In fondo, al di là della specificità di stile e di intento narrativo di ciascun film, credo che sia proprio l’amore (accolto o temuto, vissuto o schivato, incontrato oppure no nella vita, un po’ per fortuna e un po’ per scelta) a fare la differenza di fondo tra “Paterson” e “Perfect Days”. Seppure la solitudine sia ricercata sia da Hirayama che da Paterson come momento rigenerante da cui attingere parte delle energie necessarie al vivere quotidiano, Hirayama è un uomo solitario che ha scelto la propria distanza dal mondo, un uomo che è stato ferito nel passato e che è cambiato a causa di tale ferita, la cui origine non sarà mai del tutto chiara nel film; Paterson è invece un uomo di relazione, riconciliato con il mondo e con le varie persone che, a diversi livelli, fanno parte della sua vita, e soprattutto è un uomo che sa amare e riconoscere l’amore ricevuto.
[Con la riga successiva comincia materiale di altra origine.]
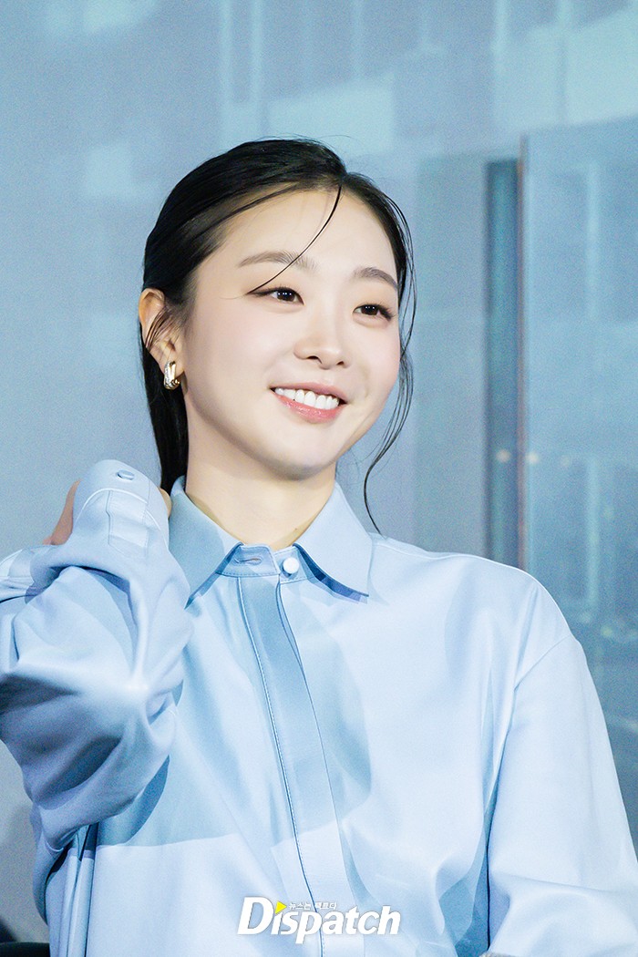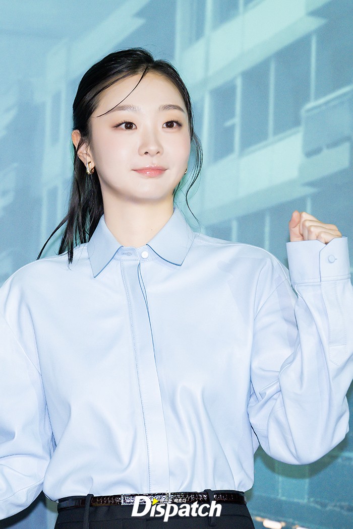 김다미는 블루 셔츠와 블랙 팬츠로 멋을 냈다. 아름다운 미모가 시선을 사로잡았다.

Per concludere senza trarre le somme, vorrei semplicemente menzionare una scena di “Paterson”, la scena della torta salata. Laura cucina una torta per il marito, con il suo solito entusiasmo. È convinta del successo che riscontrerà la torta, perché entrambi gli ingredienti principali, cavoletti di Bruxelles e groviera, piacciono molto al marito. Ma può il successo di una creazione, qualsiasi essa sia, dipendere dalla semplice somma dei componenti? La risposta è scontata. Eppure c’è un’altra risposta implicita che il film pare suggerire, se ci chiediamo qualcosa di leggermente diverso. Cosa significa realmente riuscita? Cosa contiene davvero una torta? I suoi ingredienti sono quelli che le danno il sapore oppure quelli che animano chi ce la offre?
Una cosa non è mai solo una cosa, ma è quello che essa rappresenta. E noi ci leghiamo al reale, al quotidiano, solo interpretandolo, di volta in volta.